Given an undirected graph, find a minimum vertex cover. Crazy, right?

Let $M$ be the size of maximum matching, and $C$ be the size of minimum vertex cover. If minimum vertex cover is smol, which means $C \le M + 1$, then find it.

입력

The first line of input contains two integers $n$ and $m$ ($1 \le n \le 500$, $0 \le m \le \frac{n(n-1)}{2}$) --- the number of vertices and edges in the graph.

Next $m$ lines describe edges of the graph, each of them contains two integers $u$ and $v$ ($1 \le u < v \le n$) --- vertices connected by an edge. Vertices are numbered from $1$ to $n$.

It is guaranteed that the graph doesn't contain multiple edges.

출력

If minimum vertex cover is smol, then print its size $C$ on the first line, and then $C$ different space-separated vertices that form a vertex cover. Otherwise print "not smol" on a single line (without quotes).

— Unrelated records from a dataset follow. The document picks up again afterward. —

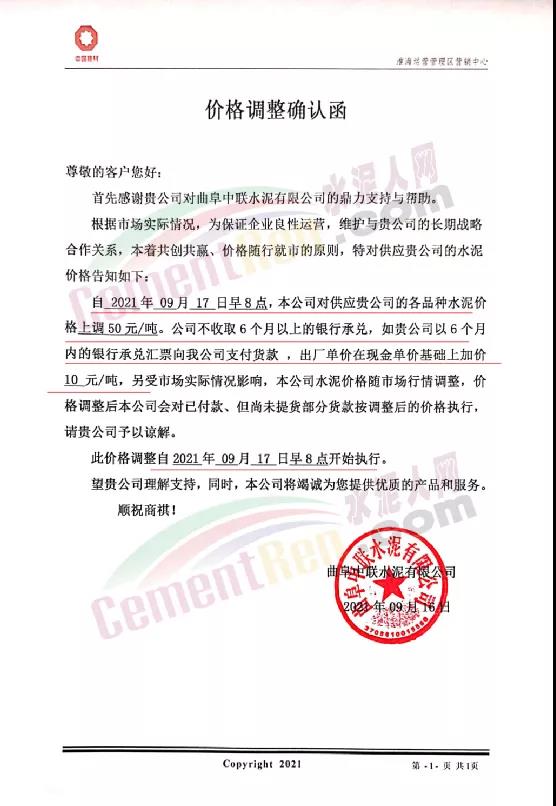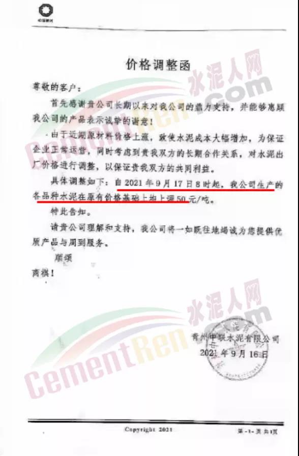 山東山水水泥集團有限公司青島分公司通知由于各類原材料成本大幅度上漲,導(dǎo)致水泥生產(chǎn)成本大幅提高。鑒于以上原因,經(jīng)公司綜合權(quán)衡決定自2021年9月17日上午8時起,公司生產(chǎn)的各品種水泥在原價格基礎(chǔ)上統(tǒng)一上調(diào)50元/噸。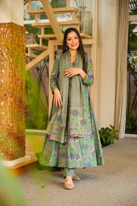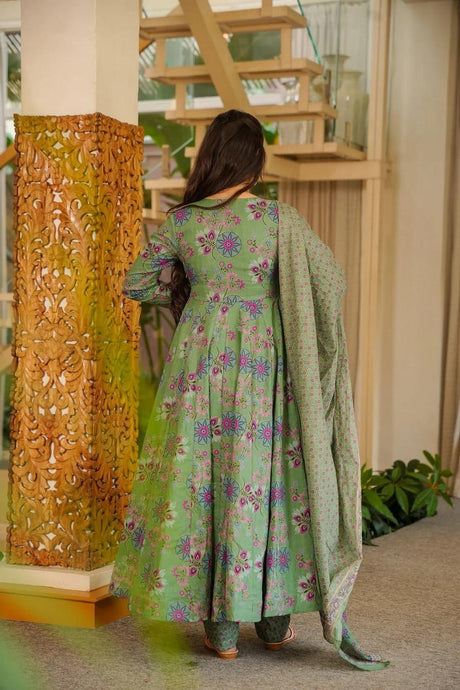 Green Floral Printed Cotton Blend Anarkali Suits (ACA6851)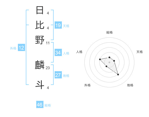 日比野 麟斗さんを姓名の画数から五運を鑑定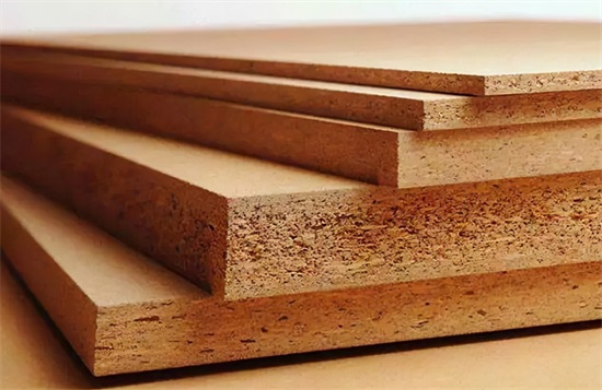 是用废弃木材打碎颗粒或杂木打碎的颗粒加上胶水在高温下压制而成的板材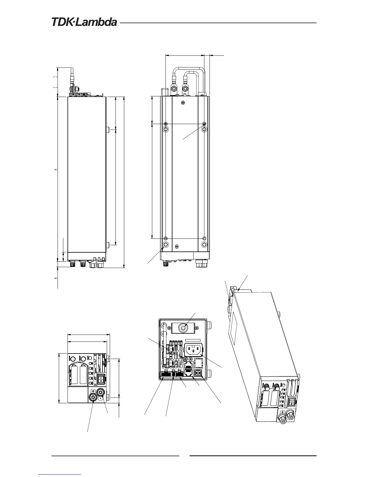 TDK-Lambda Z10-20 - Z200 W;400 W Front Panel Output Binding Post Outline Drawing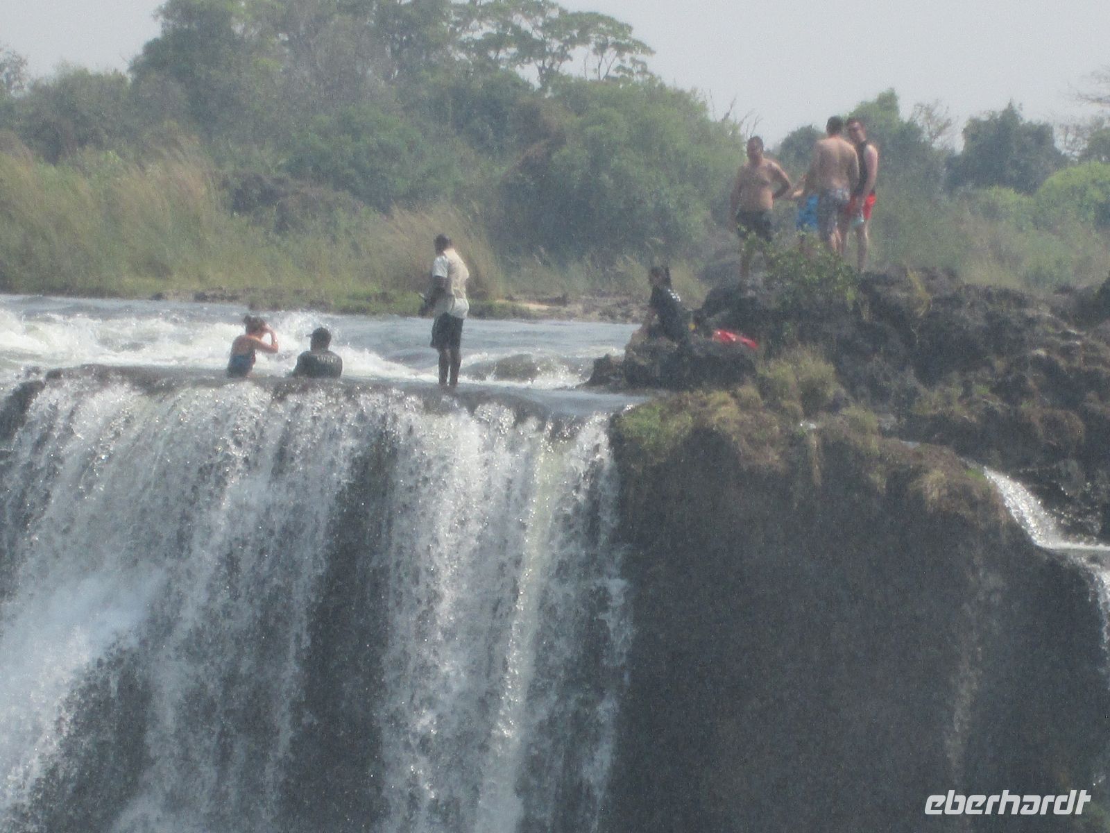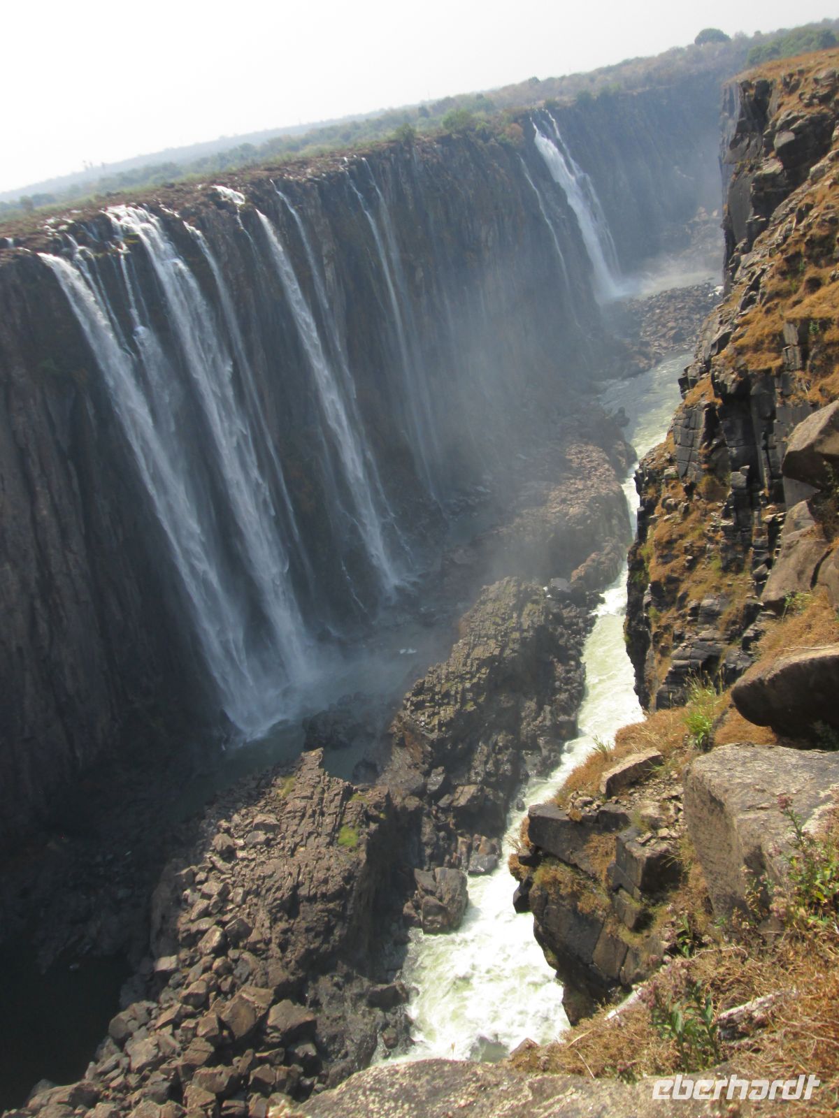 Nach Entrichten der Nationalparkgebühr begann unser "Staunen". Die Victoria Wasserfälle, nach der britischen Königin benannt durch ihren Entdecker David Livingstone, unterteilt man in den Devil's Cataract, die Main Falls, Rainforest Falls, den Horseshoe Fall und die Rainbow Falls.

If there are several possible smol minimum vertex covers, print any one of them.

예제 입력 1

5 5
1 2
2 3
3 4
4 5
1 5

예제 출력 1

3
2 3 5

예제 입력 2

5 10
1 2
1 3
1 4
1 5
2 3
2 4
2 5
3 4
3 5
4 5

예제 출력 2

not smol

예제 입력 3

3 0

예제 출력 3

0

힌트

Vertex cover is a set of vertices such that for each edge at least one of the endpoints belongs to the set.

Matching is a set of edges such that no two edges from it have common endpoint.

Note that a minimum vertex cover would not be accepted as a correct answer if it is not smol.